Here, we conducted a two-stage meta-analysis. In the first stage, we calculated the relative changes in wheat yield, NUE, and WUE under different APs. Simultaneously, based on subgroup analysis, we explored the impact of different climate and soil variables on these changes. The climate and soil variables included MAT, TAP, SOC, pH, and BD—all critical factors influencing crop growth [20,31]. Subgroup divisions for these variables referenced the work of Liu et al. (2021) [32]. In the second stage, we conducted a meta-regression analysis combining climate and soil variables to explore how the relative changes in yield, NUE, and WUE under the APs varied with soil and climate variables.

2.3. Statistical Analysis

The fail-safe coefficient was used to detect the presence of publication bias using the “metafor” package (version 2.4.0); detailed information can be found in Text S1, and there was no potential publication bias in our dataset (Table S1). To clarify the driving factors affecting yield, NUE, and WUE changes under agricultural practices, we constructed a multivariate index using principal component analysis (PCA) and built a structural equation model (SEM) [33]. This SEM comprehensively considered environmental, soil, and management factors, as well as agricultural practices. PCA used the “prcomp()” function, and the SEM used the “lavaan” (0.6–10) package. Information on the SEM fit index can be found in Text S2. Statistics were run using R software (version 4.2.1), and spatial maps were generated using ArcGIS (version 10.6).

3. Results

3.1. Data Overview

Overall, APs significantly increased winter wheat yield by 31.1% (95% CI: 26.7–35.7%, Figure 2A), and fertilization had the most pronounced effect on yield, with an average increase of 43.7%. Specifically, compared with no-fertilization, the combined organic and mineral fertilizer (COF) showed the largest increase in yield, reaching 142% (95% CI: 95.1–199%), and among conventional fertilization, biochar addition showed the most significant yield increase, with an increase of 19.1% (95% CI: 7–32.5%).

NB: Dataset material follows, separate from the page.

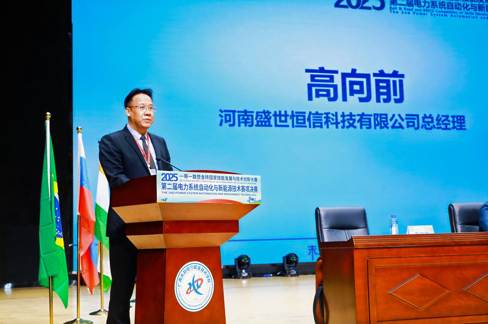 高向前在致辞中表示,面对职业教育国际化与技术技能创新的时代要求,企业必须主动承担更多社会责任。企业将充分发挥自身在电力自动化领域的技术优势,为赛事提供先进的设备平台与全面的技术保障,全力构建卓越的竞赛环境,确保选手无后顾之忧,充分发挥技术水平。

Irrigation and mulching also significantly increased winter wheat yield by 30% and 28.2%, respectively.
Compared to their effects on yield, APs had a relatively limited effect on wheat NUE (14.7%, Figure 2B). A significant increase in NUE was observed only under fertilization (16.9%), with slow-controlled/-release fertilizer (SCRF) and inhibitor additions increasing NUE by 17.656% (95% CI: 6.7–29.7%) and 26.6% (95% CI: 1.6–57.7%), respectively, while other APs showed no significant effect (p > 0.05).
Regarding WUE, APs increased it by 27.6%, with fertilization having the greatest impact at 44.7% (Figure 2C). Compared to no fertilization, conventional nitrogen fertilizer and COF increased WUE by 53.9% and 37.2%, respectively (p < 0.05). Additionally, residue utilization also significantly enhanced winter wheat WUE, with straw incorporation (30.9%, 95% CI: 28.2–33.6%) outperforming straw mulching (15.3%, 95% CI: 5.3–26.2%). And plastic film mulching also increased winter wheat WUE by 33.2%.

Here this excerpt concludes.